Wengen is a railway station in the car free resort of Wengen in the Bernese Oberland region of Switzerland. The station is on the Wengernalpbahn (WAB), whose trains operate from Lauterbrunnen to Kleine Scheidegg via Wengen. Administratively, the station is in the municipality of Lauterbrunnen in the canton of Bern.

==History==
The station was opened on 18 April 1892. In 1899 the station was rebuilt and a depot was constructed. In 1905 the station was reconstructed with level platforms, having previously had an angle of 73°. In 1932 the newspaper kiosk was opened, and in 1976 the platforms were reconstructed.

In 1910, a new route from Lauterbrunnen to Wengen was opened to replace the more direct but steeper original routing. However the original routing remained in use for freight traffic until 2009, when the track was lifted. The junction between the two routes can still be seen, just to the Lauterbrunnen side of Wengen station.

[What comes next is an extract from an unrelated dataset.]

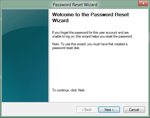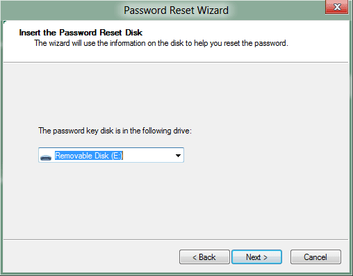 - 单击“重置密码”链接后,将出现“密码重置向导”对话框。此时,请确保在单击“下一步”之前插入 Windows 8 密码重置磁盘。

Wengen station was rebuilt in three phases. Phase 1 was completed in 1992 at a cost of CHF 12m. This comprised a waste transfer station with an integrated concrete plant and a new railway underpass to access the freight facility. This included a tank to hold 160,000 litres of heating oil.

The second phase began in 1994 included the construction of a baggage and freight hall and cost CHF 37m. It also included a new curved glass roof over the platforms. The opening ceremony took place on 21 November 1997.

The third phase estimated at CHF 3m expanded the track at the new station. This work was completed in 1998.

== Operation ==
Wengen is a car free resort without road access, and the railway is therefore essential both for passenger access and for the supply of goods. The passenger station has five tracks, four for through trains, and a terminating track facing Lauterbrunnen.

Freight trains run regularly from Lauterbrunnen to Wengen, serving a freight station with its own low level sidings in the basement of the passenger station. Trains carrying building materials such as cement, operate to the far side of the passenger station, where they can be tipped directly into lineside hoppers.

The station is served by the following passenger trains:

| Operator | Train Type | Route | Typical Frequency | Notes |
|---|---|---|---|---|
| Wengernalpbahn |  | Lauterbrunnen - Wengwald - Wengen - Allmend - Wengernalp - Kleine Scheidegg | 2 per hour |  |

Wengen is also the connection to the Wengen–Männlichen aerial cableway that runs to near the summit of the Männlichen mountain. The lower terminal of the cableway is some 250 m from the station.